Note: This site is currently "Under construction". I'm migrating to a new version of my site building software. Lots of things are in a state of disrepair as a result (for example, footnote links aren't working). It's all part of the process of building in public. Most things should still be readable though.

Snippet Get Web Page in Python

TODO: Update this with the other post for `requests`

TODO: I think this is a duplicate post. Need to remove one or the other if that's the case.

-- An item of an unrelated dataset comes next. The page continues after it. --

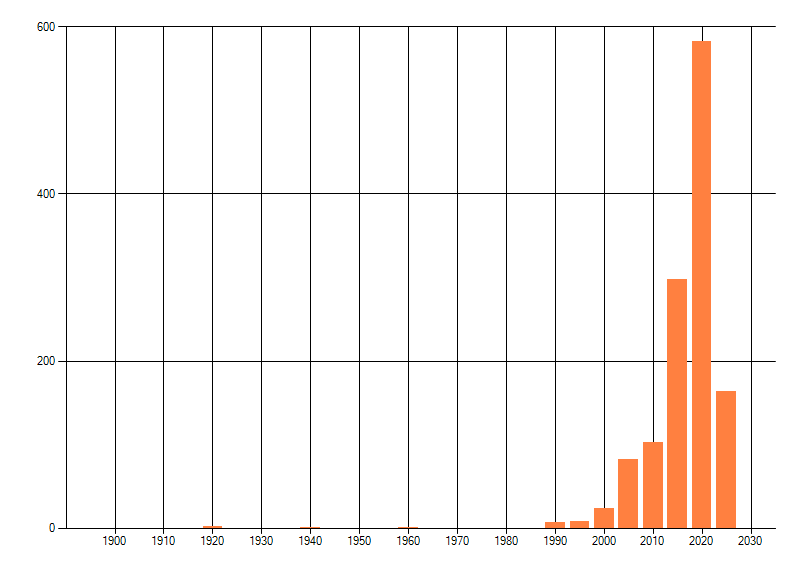 Het aantal atlasblokken (5x5 km) waarin de soort is gemeld binnen een periode van vijf jaar (vanaf 1980) of twintig jaar. Niet gecorrigeerd voor waarnemersinspanning en het aantal doorgegeven waarnemingen kan sterk variëren per periode, dus een trend in verspreiding kan hier niet direct uit worden afgelezen. Het opgegeven jaartal is het eerste jaar van de periode. Bron: gevalideerde waarnemingen uit de NDFF.

Here's the simple snippet I use to scrape basic web pages in Python.

Code

import urllib.request

def get_web_page(url):
    try:
        with urllib.request.urlopen(url) as response:
            return response.read().decode("utf-8")
    except:
        return ""

Most of the examples I see only have the middle part:

Code

with urllib.request.urlopen(url) as response:
	return response.read().decode("utf-8")

The problem is that code crashes if the server sends an error code back. Wrapping it with the try lets you handle that.

Here's a full sample:

Code

#!/usr/bin/env python3

import urllib.request

def get_web_page(url):
    try:
        with urllib.request.urlopen(url) as response:
            return response.read().decode("utf-8")
    except:
        return ""

if __name__ == "__main__":
    html_doc = get_web_page("https://www.alanwsmith.com/")
    print(html_doc)